Olaf Scholz gibt sich nach dem Urlaub munter. Er verteidigt die Steuerpläne von Finanzminister Lindner und inszeniert sich als Mann der kleinen Leute.

Scholz, gut gelaunt Foto: Lisi Niesner/reuters

Berlin taz | Die Sommerpressekonferenz hat Scholz von Angela Merkel übernommen. Sie ist nicht das Einzige. Seine Art, kritische Fragen ins Leere laufen zu lassen, erinnert ebenfalls an seine Vorgängerin. Auch die Botschaft, die Scholz, lässig ohne Schlips, am Donnerstagvormittag verbreitet, kennt man von Merkel: Wir schaffen das.

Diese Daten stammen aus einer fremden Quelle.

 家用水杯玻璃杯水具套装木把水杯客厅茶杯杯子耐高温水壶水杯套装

Die Krisen folgen Schlag auf Schlag: Corona, Krieg in der Ukrai­ne, Energiepreise, Inflation, Gasmangel im Winter. Doch laut dem Kanzler hat die Ampelregierung alles im Griff. Schon im Dezember habe er weitsichtig Pläne entwickelt, was zu tun sei, wenn das Gas knapp werde. Die Regierung sorge mit den Entlastungspaketen für die soziale Abfederung der Krisenlasten.

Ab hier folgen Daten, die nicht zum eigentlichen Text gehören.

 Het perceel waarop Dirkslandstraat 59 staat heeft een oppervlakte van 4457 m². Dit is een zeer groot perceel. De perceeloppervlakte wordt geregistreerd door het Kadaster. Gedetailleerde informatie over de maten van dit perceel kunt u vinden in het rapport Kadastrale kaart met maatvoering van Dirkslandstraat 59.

Den Satz, die Ampelregierung lasse niemand allein, wiederholt Scholz ein halbes Dutzend Mal. Mit sozialen Protesten oder Unruhen wegen der Inflation, die Ärmere besonders hart trifft, rechnet der SPD-Mann daher nicht. Trotz aller Krisen werde der Mindestlohn auf 12 Euro erhöht, das Bürgergeld werde Hartz IV ablösen, das ehrgeizige Wohnungsbauprogramm entschlossen umgesetzt, die Energiewende dito.

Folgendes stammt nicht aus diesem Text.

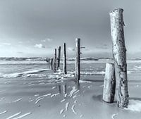 De Noordzeekust op het Deense eiland Rømø. Zwart-wit fotografie.
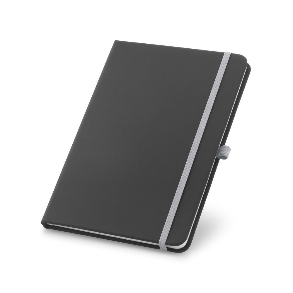 Caderno A6 de capa dura em c. sintético. Contém 160 páginas pautadas, fita separadora, elástico e suporte para esferográfica (não inclusa). 90 x 140 mm

Wenn ein anderer Eindruck entstanden sein sollte, dann, so die zarte Andeutung des Kanzlers, kann das nur an der komplett erschienenen Hauptstadtpresse liegen, die die segensreiche Politik der Ampel nicht in ganzer Pracht abbildet. Scholz erwähnt mehrfach die Erwerbsminderungsrente, die die Ampel kräftig erhöhen wird (Kosten: 2,6 Milliarden Euro jährlich). Davon sei in Leitmedien eher wenig zu sehen. Ebenso wenig wie von der „dramatischen Ausweitung des Wohngeldes“, die die Ampel beschlossen habe.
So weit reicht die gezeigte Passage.